Pipeline models solve some set of conservation equations for mass, momentum, and/or energy. These are partial differential equations and are generally complicated and nonlinear, and so must be solved numerically. In the pipeline simulation industry, the most popular approach for doing this is the method of finite differences. That means either the user or the simulation program must pick a mesh of points in space and time to use for the solution.

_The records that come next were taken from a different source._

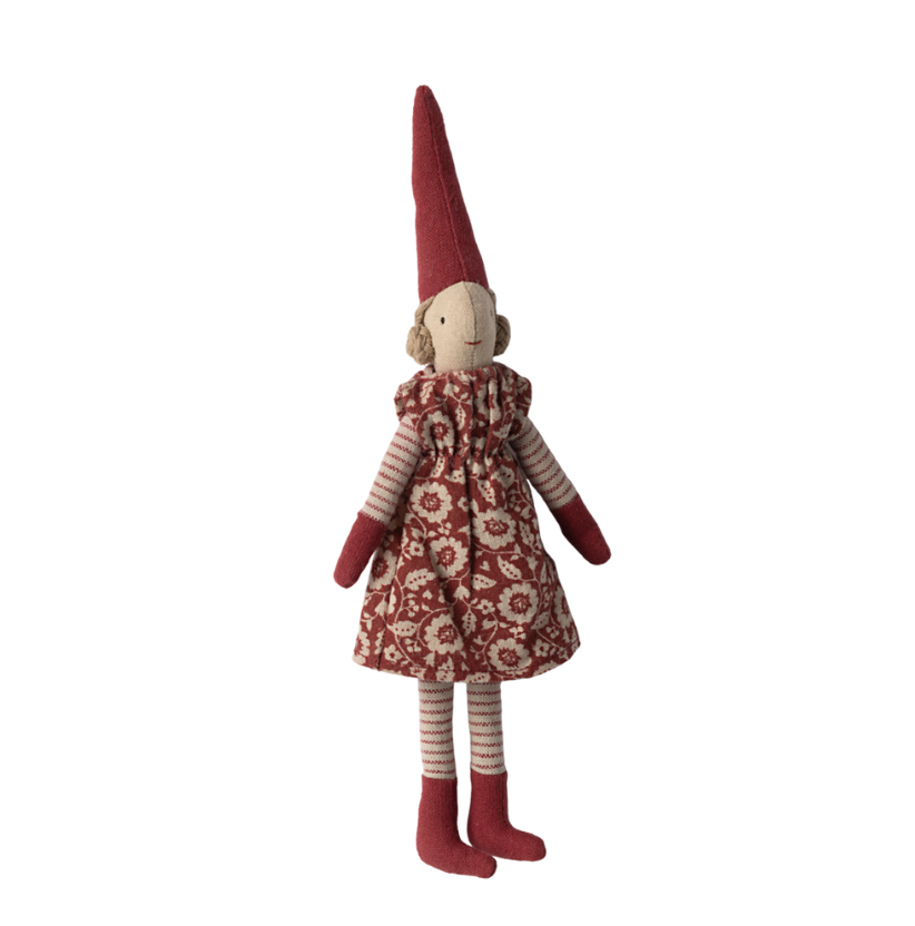 Mailegs pixy collection contains many different styles - all dressed up in nice Christmas clothes made of exclusive materials. They are adorable and can be mixed and matched across sizes and collections. Size 1 has magnet in hands and left foot.
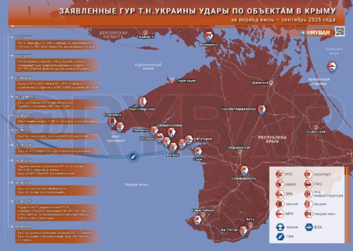 ?? Pod?a koncentrácie útokov ukrajinských bezpilotných lietadiel a rakiet si môžete všimnú?, že dôraz sa kladie na západnú ?as? polostrova. Práve tam je zaznamenaná vä?šina úderov.
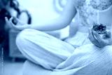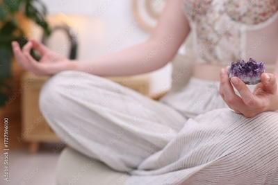 Woman with beautiful amethyst gemstone meditating indoors, closeup
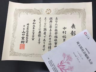 ✨表彰状✨:本社スタッフ 投稿日 2019-12-05 ブログカテゴリー 本社スタッフ こんにちは 本社スタッフです🙃 11月の終わりに埼玉県社会福祉大会があり、 永年勤続者の表彰式が埼玉会館にて行われました。 弊社からは3名の職員が表彰されました✨ おめでとうございます!!
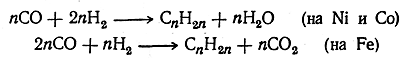 При атмосферном давлении и температуре около 200° С над катализаторами, содержащими восстановленный никель, кобальт или железо, идет образование углеводородов по уравнениям:
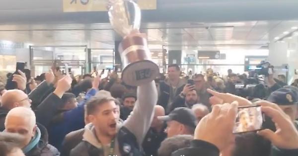 Circa quattrocento persone hanno accolto la squadra della Gevi Napoli Basket alla stazione per acclamare i vincitori della coppa Italia. La squadra è scesa dall'alta velocità da Torino intorno alle 15, Giovanni De Nicolao ha la Coppa Italia del basket come bagaglio a mano. È il ritorno in città dopo l'impresa: il trofeo vinto battendo l'Olimpia Milano in finale, a seguire le due precedenti vittorie contro Brescia e Reggio Emilia. Sciarpe, cori, tutto l'armamentario della festa sulle banchine stracolme. Ad inaugurare il pomeriggio di celebrazione: un primo passaggio al Palabarbuto, poi dal sindaco Gaetano Manfredi a Palazzo San Giacomo e infine l'abbraccio ufficiale con la gente a piazza Municipio.
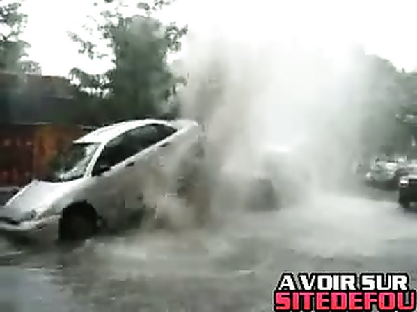 L’EAU DES ÉGOUTS SOULÈVE UNE VOITURE À MONTREAL
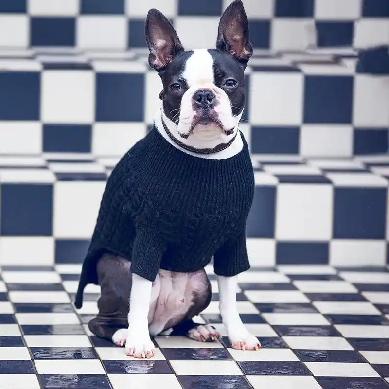 The Rufus Cashmere Turtleneck Pet Sweater – Black
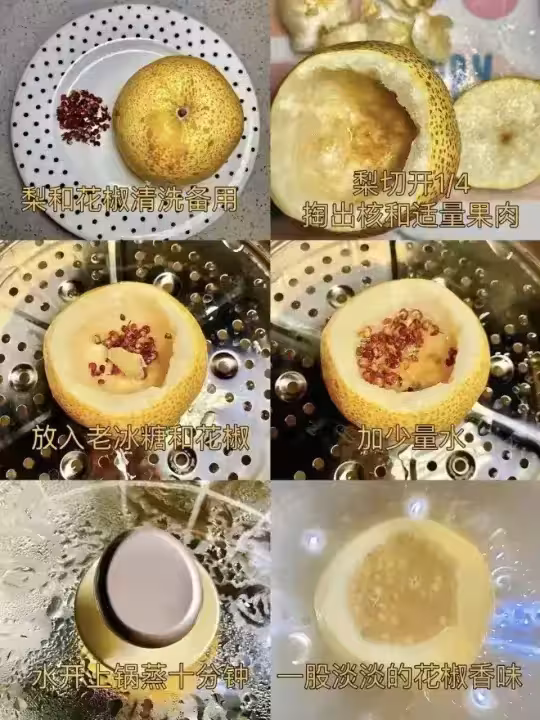 準備材料:大雪梨1個、花椒15-20粒、冰糖2-3小塊(可選)。
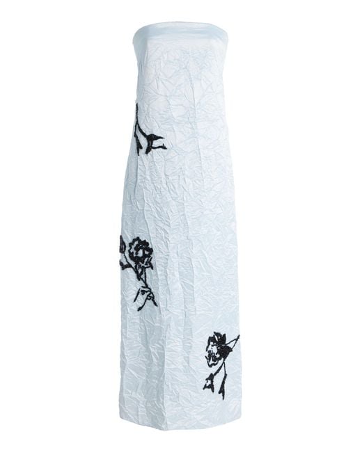 Women's Blue Embroidered Crinkled Satin Midi Dress
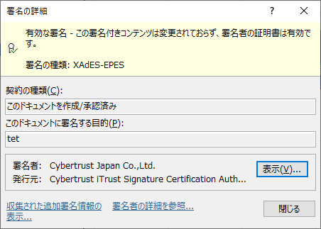 このたびの Microsoft Office ドキュメントも同様に、Microsoft Windows のルート証明書リストに対応しているため、Word や Excel で作成した電子文書において、「有効な署名 – この署名付きコンテンツは変更されておらず、署名者の証明書は有効です。」と表示可能になり、信頼性を視覚的に確認することができます。
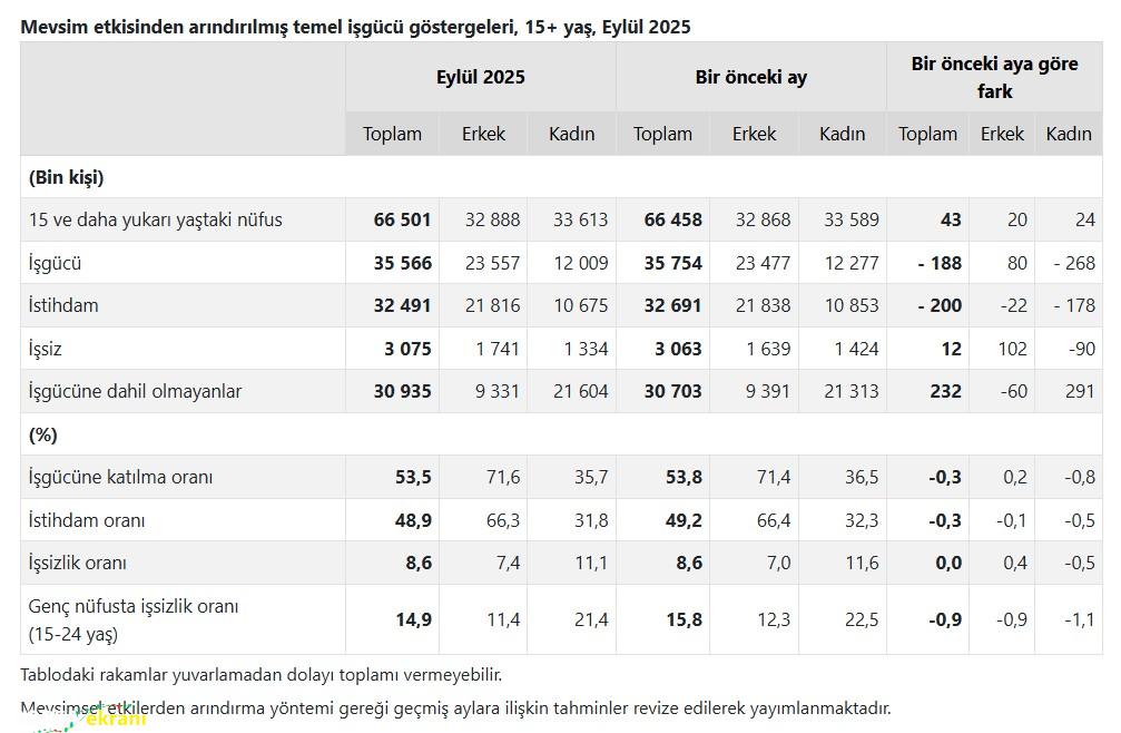 Eylül ayında Türkiye’de işsizlik oranı, bir önceki aya göre sabit kalarak yüzde 8,6 olarak gerçekleşti. İşsizlik oranı erkeklerde yüzde 7,4, kadınlarda ise yüzde 11,1 düzeyinde tahmin edildi. Eylül ayı işsizlik oranı bir ay öncesine göre %8,6 olarak aynı kaldı. Geniş İşsizlik tanımlarından atıl iş gücü oranı ise 1,2 puan azalarak %28,6 oldu. Genç nüfustaki işsizlik oranı 0,9 puan azalarak 14,9 oldu.
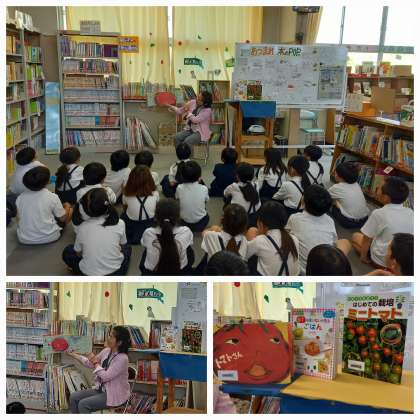 生活科でミニトマトを育てている2年生にぴったりの作品を読み聞かせしてもらいました。
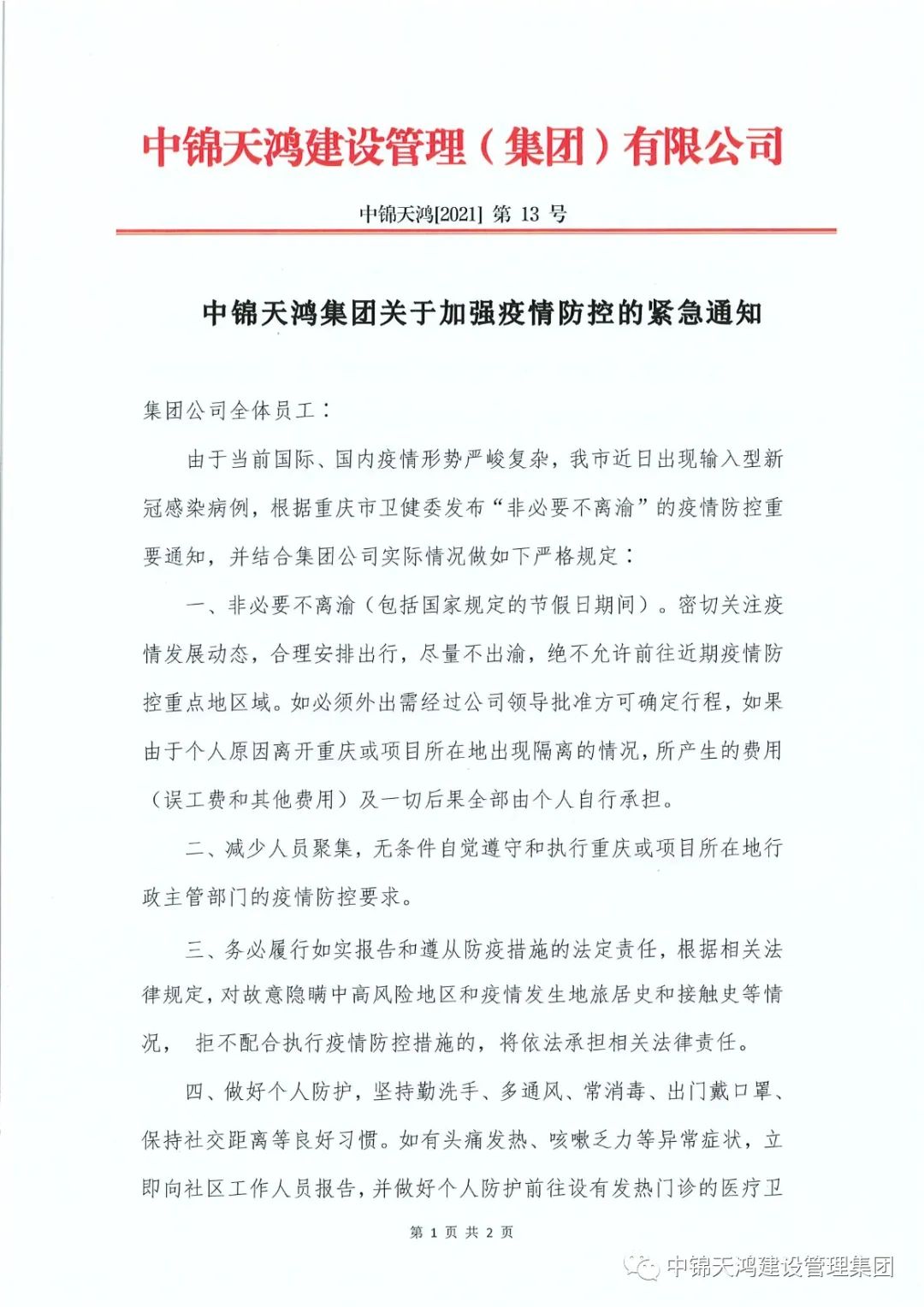 以下是中錦天鴻集團關于加強疫情防控的緊急通知:
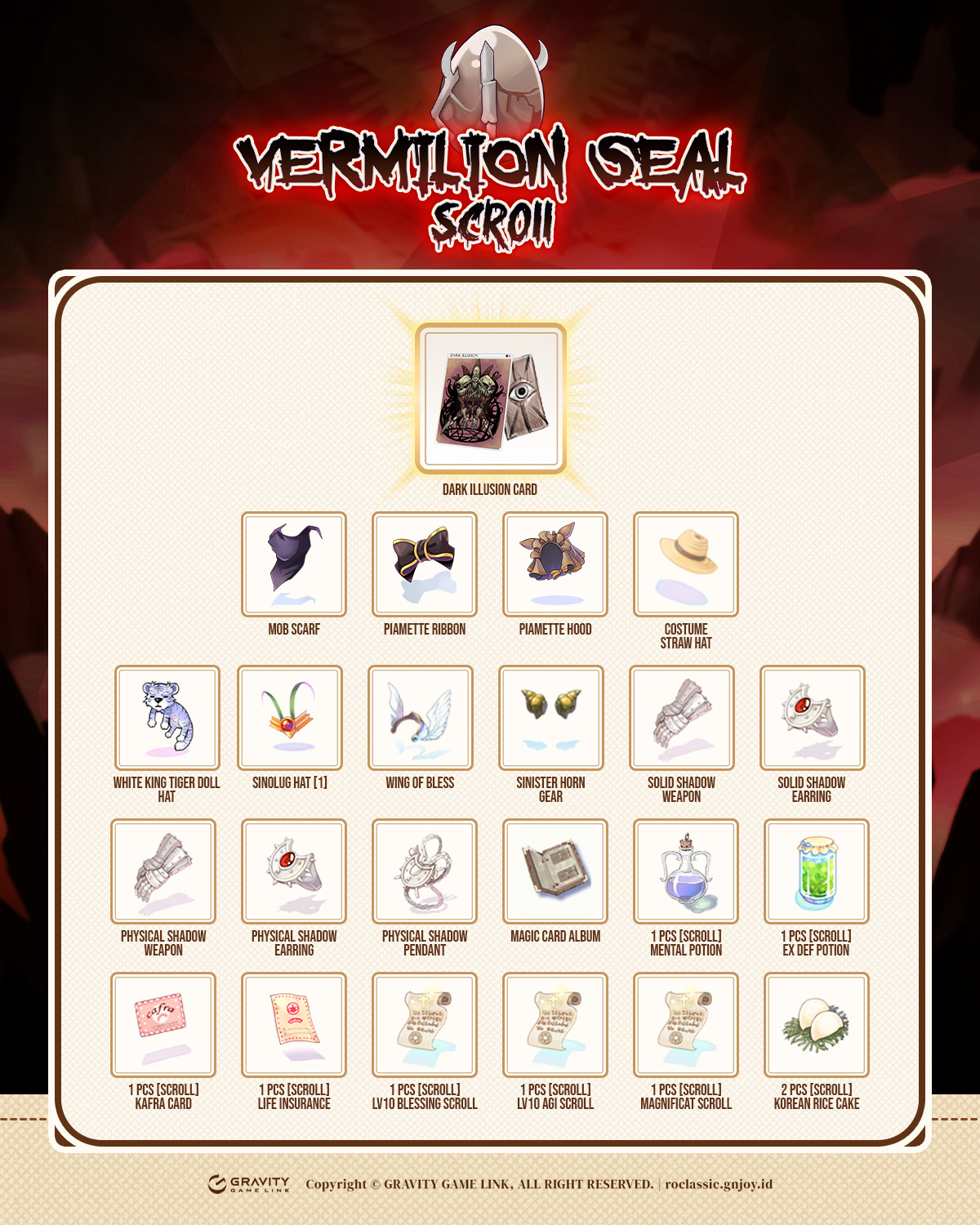 Dengan membeli Scroll ini, RO Mania sekalian memiliki kesempatan untuk mendapatkan berbagai macam item eksklusif secara acak dimulai dari:

If the mesh is chosen poorly, the user risks model instability - meaning, a solution that contains obviously nonphysical oscillations and is not usable; or, a simulator that runs very slowly; or, just a solution that looks plausible, but isn't very accurate. (This error introduced into the model solution due to limitations of the mesh, either in space or time, is called the truncation error.) Most of the commercial simulators now automate the selection of time mesh spacing (the " timestep") but it is generally still left up to the user to choose the spatial mesh. A major component of learning to use a pipeline simulation tool is learning what kind of mesh spacing to use in what circumstances.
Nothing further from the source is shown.